= International Organization for the Family =

The International Organization for the Family is a socially conservative U.S. think-tank and advocacy group that opposes abortion, divorce, and homosexuality, promoting instead the "child-rich, married parent" family.

==History==
The Center traces its origins back to 1976, when John A. Howard, President of Rockford College formed the Rockford College Institute. This group later became the Rockford Institute.

In 1997 Howard and Allan C. Carlson broke from the Rockford Institute to found the Howard Center for Family, Religion and Society. It incorporated the previous Center on Religion and Society, and took over publication of both The Religion and Society Report and The Family In America.

In 1997 it created and coordinates the World Congress of Families, a group known for its involvement with the 2013 Russian LGBT propaganda law and opposing LGBT rights internationally.

In 2016, Brian S. Brown, president of the National Organization for Marriage, became president of the Howard Center and changed its name to the International Organization for the Family (IOF). BuzzFeed News reported that Brown had "taken over" the World Congress of Families earlier that year, as "part of positioning the group as a more muscular advocacy group", and Political Research Associates later described the Howard Center as having rebranded itself as IOF under Brown's leadership. In the launch announcement, Brown described IOF as an expansion of the Howard Center's work and said that the World Congress of Families would remain a key project.

IRS filings show a corresponding change in the organization's governance. In 2015 and 2016, filings listed several long-time Howard Center figures as board members, including Allan C. Carlson, Janice Shaw Crouse, Earl Clark, Lisa Gibson, Caryl Crahan, William Andrews, Wayne Tew, Stanford Swim, and David Peterson. By 2018, Brian S. Brown was listed as both president and chairman. By 2019, the filings reflected a smaller and distinct governing board, reporting five voting members while naming only four — Ignacio Arsuaga, Vicente Segú Marcos, Alexey Komov, and Luca Volonte.

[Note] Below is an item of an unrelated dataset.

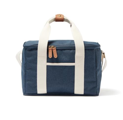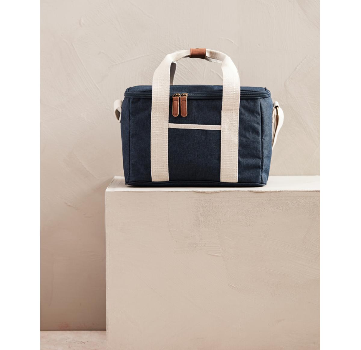 The ultimate cooler basket, mottled tone by tone with details in imitation leather and cotton. Made from 50% recycled material from PET bottles. There is also a small compartment on the outside of the cooler bag, providing space for other items as well. The thick PEVA padding ensures that the cold is retained for a long time. It is also easy to clean and dry after use. Thanks to the adjustable shoulder strap and the double handle, you have several ways to carry the cooler basket.

In 2024, Komov, who is a close ally of Russian oligarch Konstantin Malofeev, was indicted on U.S. sanctions-related charges. Volontè has also been involved in corruption proceedings connected to the Council of Europe's "Caviar Diplomacy" scandal.

Later filings list the same tax-exempt entity under the name International Organization for the Family, with the Howard Center for Family, Religion, and Society retained as an alternate or doing-business-as name.

== Controversies ==
In January 2012, Robert W. Patterson resigned from his job as an aide in Pennsylvania's Department of Public Welfare after Governor Tom Corbett's administration rejected a request to allow him to continue as editor of the Howard Center's journal, The Family in America. His column had proposed that "birth-control pills suppress women's sexual pleasure" and suggested "condom use deprives women of "remarkable chemicals" in semen that elevate their mood and self-esteem."

In November 2013, Senator Mark Kirk (R-IL) denied a meeting hosted by the Howard Center and the World Congress of Families access to a Senate meeting room. The meeting eventually went on as scheduled after House Speaker John Boehner (R-OH) intervened.